→ Exercise objective:
Please restate word for word the lines of the entries below from the one with "워크숍의 마지막은 오리" to the one with "C’est une Simca", inclusive, and leave out every picture.

→ Listed records:
'''
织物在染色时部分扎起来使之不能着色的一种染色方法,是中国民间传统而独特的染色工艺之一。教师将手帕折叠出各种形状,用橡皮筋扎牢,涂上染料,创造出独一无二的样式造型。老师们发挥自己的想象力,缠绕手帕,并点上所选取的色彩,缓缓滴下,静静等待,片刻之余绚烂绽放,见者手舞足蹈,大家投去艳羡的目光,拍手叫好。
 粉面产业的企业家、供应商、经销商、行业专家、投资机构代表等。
'''
'''
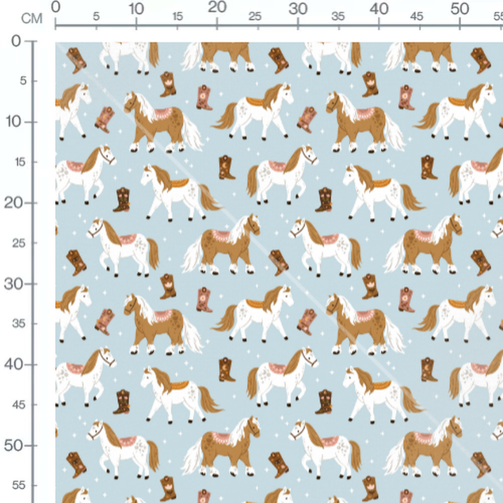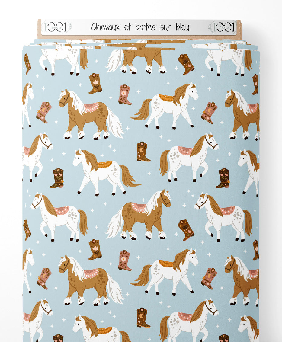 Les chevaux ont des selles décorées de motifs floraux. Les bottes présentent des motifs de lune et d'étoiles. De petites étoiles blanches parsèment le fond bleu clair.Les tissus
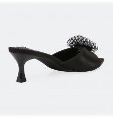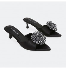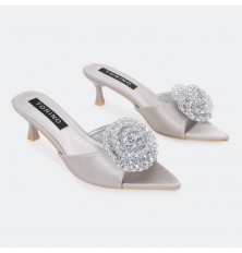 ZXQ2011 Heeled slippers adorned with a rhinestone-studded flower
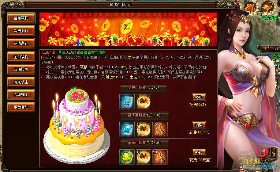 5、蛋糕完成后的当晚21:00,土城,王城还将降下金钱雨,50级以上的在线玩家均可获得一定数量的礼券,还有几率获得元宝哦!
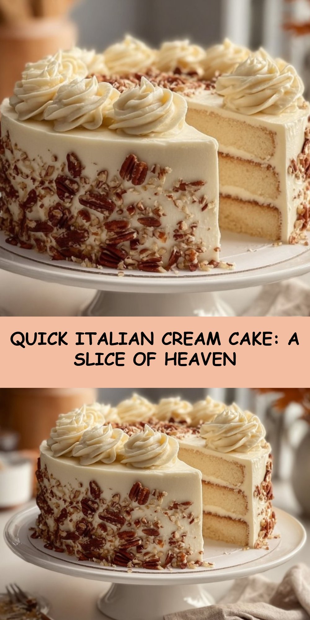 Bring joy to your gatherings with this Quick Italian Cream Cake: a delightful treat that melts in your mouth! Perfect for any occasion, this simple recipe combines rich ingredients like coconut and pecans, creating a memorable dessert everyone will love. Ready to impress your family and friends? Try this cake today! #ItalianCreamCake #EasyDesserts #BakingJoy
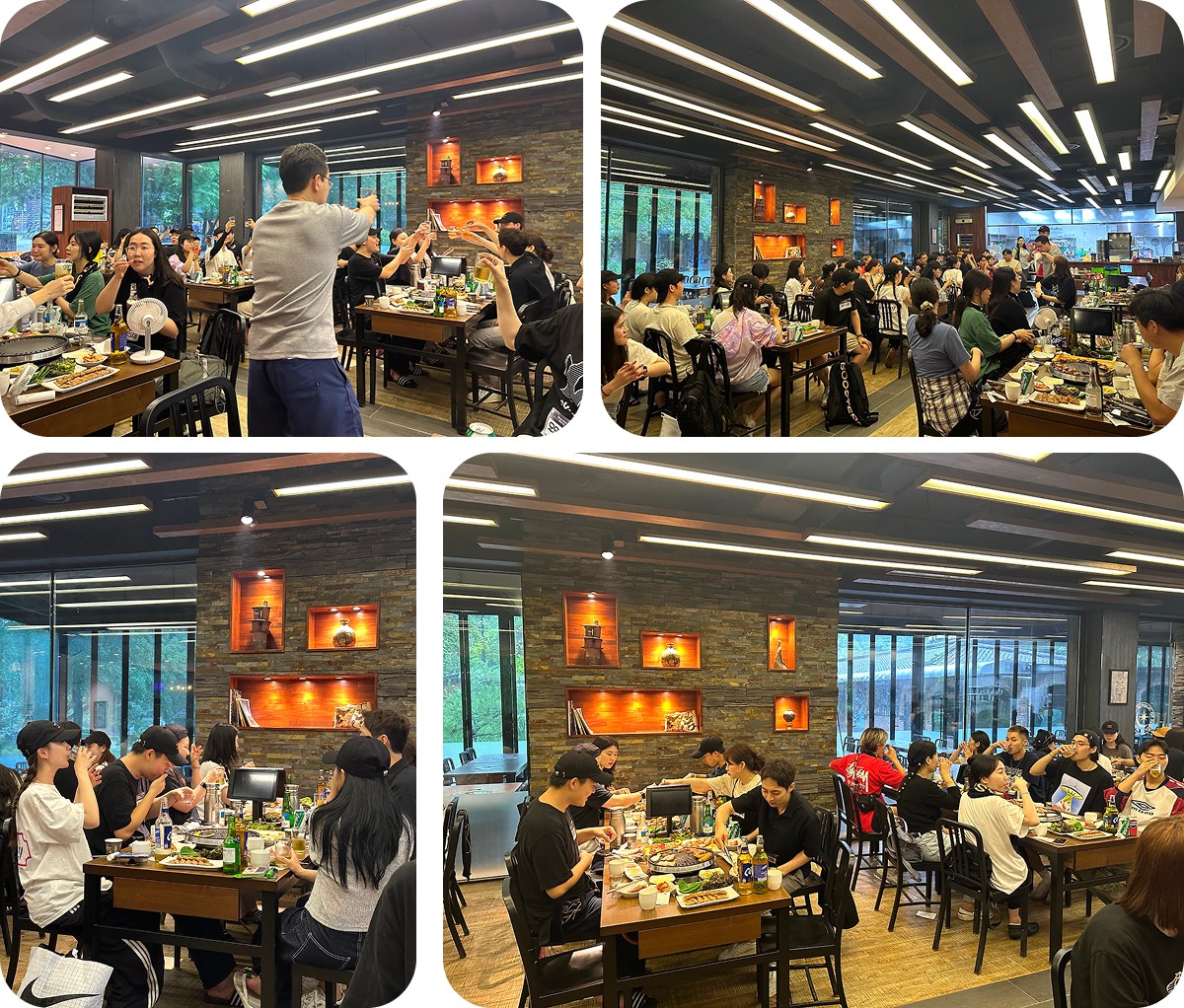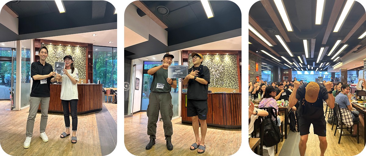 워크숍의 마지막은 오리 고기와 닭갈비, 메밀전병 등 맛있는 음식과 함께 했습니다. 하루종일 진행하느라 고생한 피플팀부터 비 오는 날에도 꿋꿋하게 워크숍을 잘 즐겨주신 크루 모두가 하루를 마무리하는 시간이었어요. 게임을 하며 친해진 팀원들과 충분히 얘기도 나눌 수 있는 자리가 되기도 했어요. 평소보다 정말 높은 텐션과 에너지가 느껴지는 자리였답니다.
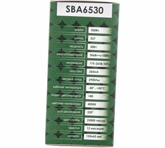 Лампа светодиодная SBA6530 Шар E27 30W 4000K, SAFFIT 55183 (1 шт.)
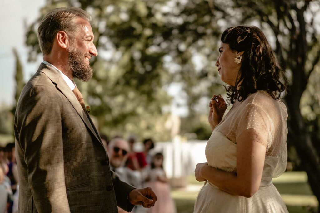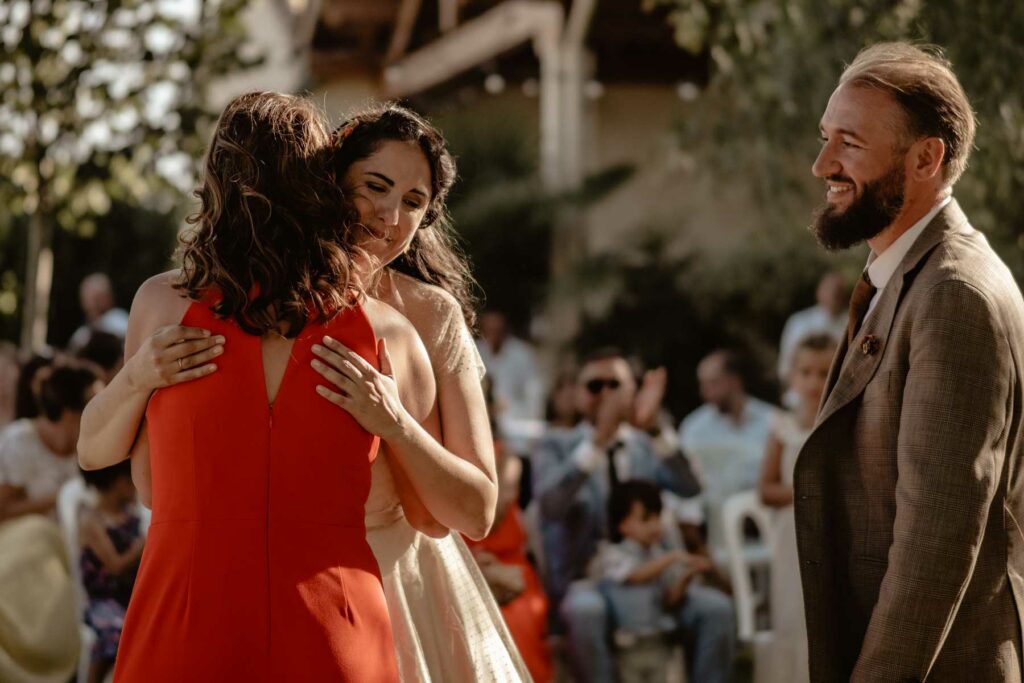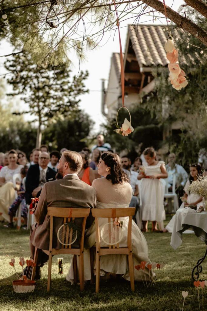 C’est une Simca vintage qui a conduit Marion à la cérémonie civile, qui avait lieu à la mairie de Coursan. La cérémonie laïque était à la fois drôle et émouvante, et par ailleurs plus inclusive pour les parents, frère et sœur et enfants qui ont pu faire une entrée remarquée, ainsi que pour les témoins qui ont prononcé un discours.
'''
→ Response:
 워크숍의 마지막은 오리 고기와 닭갈비, 메밀전병 등 맛있는 음식과 함께 했습니다. 하루종일 진행하느라 고생한 피플팀부터 비 오는 날에도 꿋꿋하게 워크숍을 잘 즐겨주신 크루 모두가 하루를 마무리하는 시간이었어요. 게임을 하며 친해진 팀원들과 충분히 얘기도 나눌 수 있는 자리가 되기도 했어요. 평소보다 정말 높은 텐션과 에너지가 느껴지는 자리였답니다.
 Лампа светодиодная SBA6530 Шар E27 30W 4000K, SAFFIT 55183 (1 шт.)
 C’est une Simca vintage qui a conduit Marion à la cérémonie civile, qui avait lieu à la mairie de Coursan. La cérémonie laïque était à la fois drôle et émouvante, et par ailleurs plus inclusive pour les parents, frère et sœur et enfants qui ont pu faire une entrée remarquée, ainsi que pour les témoins qui ont prononcé un discours.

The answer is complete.